* Requirement *
Using only the entries below, output the lines starting at the one containing "in anime style" and ending at the one containing "おぶないたくみさんの自動車の名前っぽいあだ名は… 『オールスブイス』『オウディ』『メルオブス・オンツ』 ツクッター", exactly and inclusive of both, omitting the pictures.

* Supplied data *

= = =

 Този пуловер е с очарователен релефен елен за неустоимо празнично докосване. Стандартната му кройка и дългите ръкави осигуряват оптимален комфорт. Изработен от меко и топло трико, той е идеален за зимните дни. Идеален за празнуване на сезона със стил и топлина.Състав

= = =

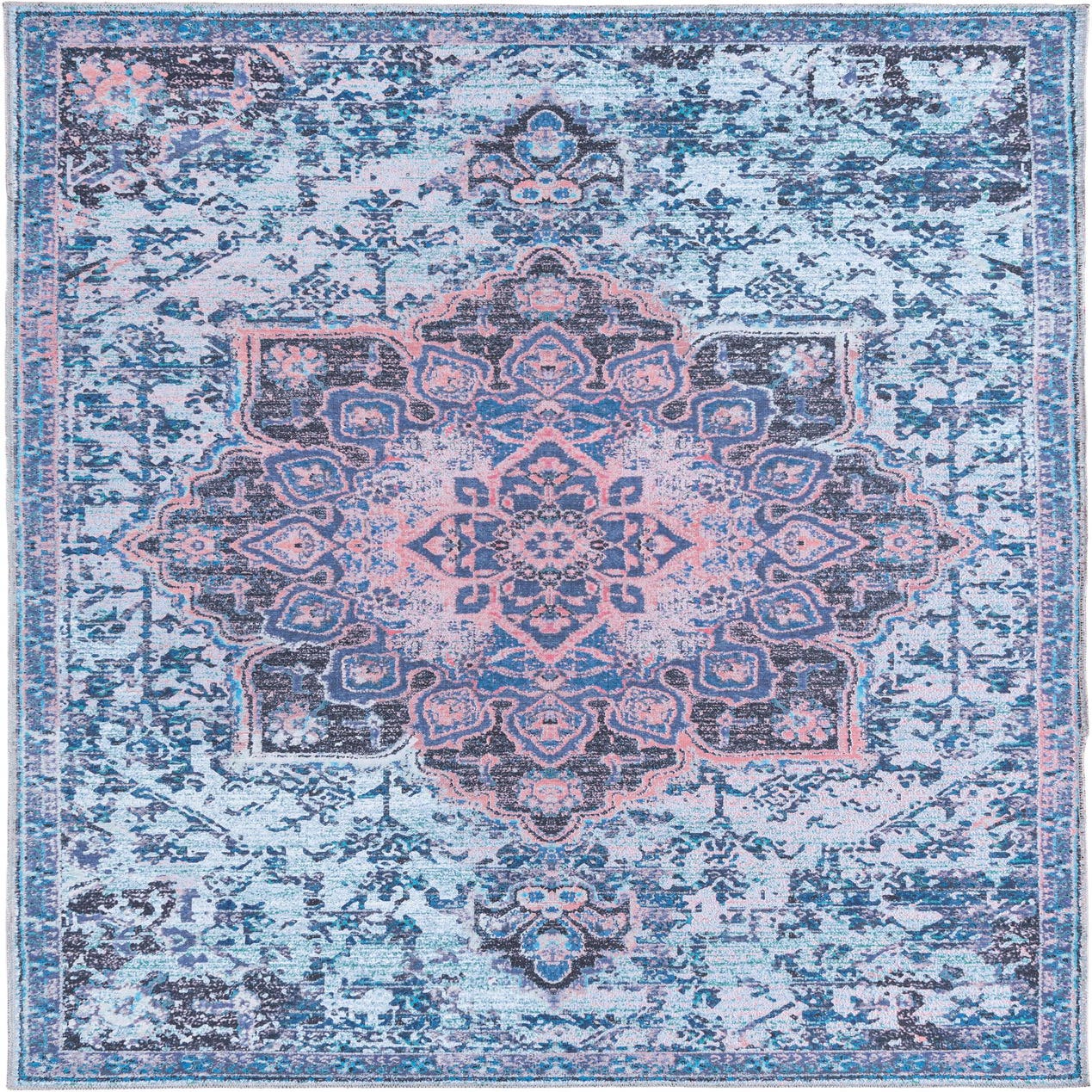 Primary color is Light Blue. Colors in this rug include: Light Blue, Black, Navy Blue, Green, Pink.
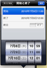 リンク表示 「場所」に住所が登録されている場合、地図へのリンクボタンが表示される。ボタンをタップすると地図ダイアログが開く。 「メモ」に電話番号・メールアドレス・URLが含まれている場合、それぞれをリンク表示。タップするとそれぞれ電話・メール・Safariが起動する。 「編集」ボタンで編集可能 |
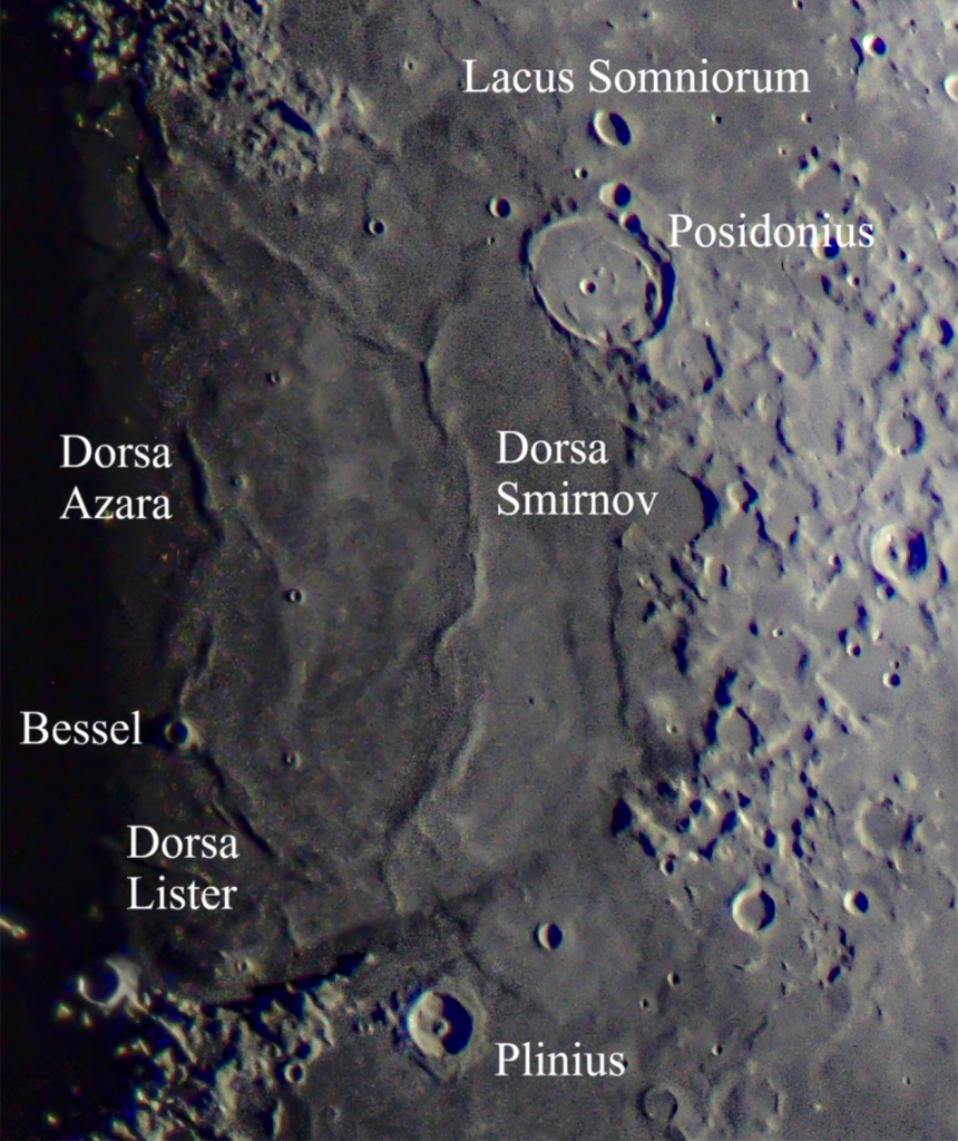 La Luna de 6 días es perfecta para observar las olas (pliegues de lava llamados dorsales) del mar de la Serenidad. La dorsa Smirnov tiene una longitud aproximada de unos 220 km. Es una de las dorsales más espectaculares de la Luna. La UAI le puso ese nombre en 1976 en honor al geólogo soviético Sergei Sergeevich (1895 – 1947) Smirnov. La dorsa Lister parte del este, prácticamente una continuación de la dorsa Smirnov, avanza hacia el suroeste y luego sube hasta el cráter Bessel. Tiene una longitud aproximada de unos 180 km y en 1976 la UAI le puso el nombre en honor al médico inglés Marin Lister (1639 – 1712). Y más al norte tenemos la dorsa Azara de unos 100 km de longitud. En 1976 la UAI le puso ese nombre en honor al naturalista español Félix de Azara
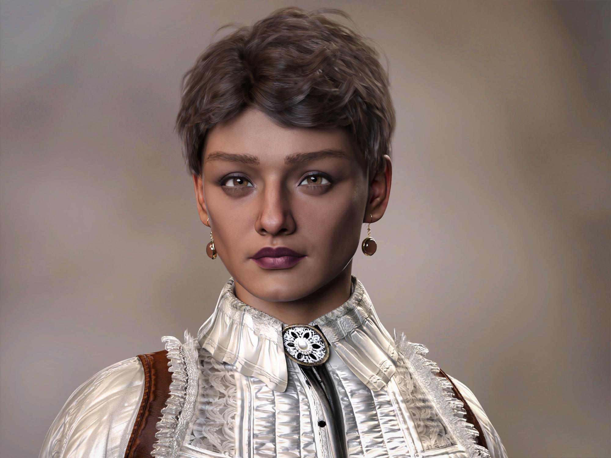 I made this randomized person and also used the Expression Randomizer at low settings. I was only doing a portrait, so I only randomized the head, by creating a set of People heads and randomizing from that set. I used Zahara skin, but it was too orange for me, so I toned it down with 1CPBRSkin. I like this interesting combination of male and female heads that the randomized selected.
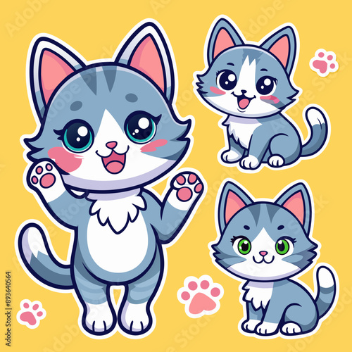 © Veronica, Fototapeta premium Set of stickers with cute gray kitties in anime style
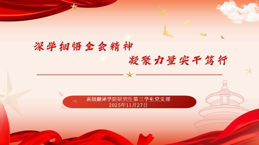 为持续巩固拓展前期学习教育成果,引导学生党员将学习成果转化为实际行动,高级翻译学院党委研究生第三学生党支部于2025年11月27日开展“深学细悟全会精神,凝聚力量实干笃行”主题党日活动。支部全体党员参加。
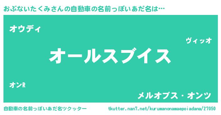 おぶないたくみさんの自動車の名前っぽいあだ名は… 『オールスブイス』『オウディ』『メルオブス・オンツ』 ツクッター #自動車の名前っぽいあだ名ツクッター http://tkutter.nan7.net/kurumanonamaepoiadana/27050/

= = =

* Result below *
 © Veronica, Fototapeta premium Set of stickers with cute gray kitties in anime style
 为持续巩固拓展前期学习教育成果,引导学生党员将学习成果转化为实际行动,高级翻译学院党委研究生第三学生党支部于2025年11月27日开展“深学细悟全会精神,凝聚力量实干笃行”主题党日活动。支部全体党员参加。
 おぶないたくみさんの自動車の名前っぽいあだ名は… 『オールスブイス』『オウディ』『メルオブス・オンツ』 ツクッター #自動車の名前っぽいあだ名ツクッター http://tkutter.nan7.net/kurumanonamaepoiadana/27050/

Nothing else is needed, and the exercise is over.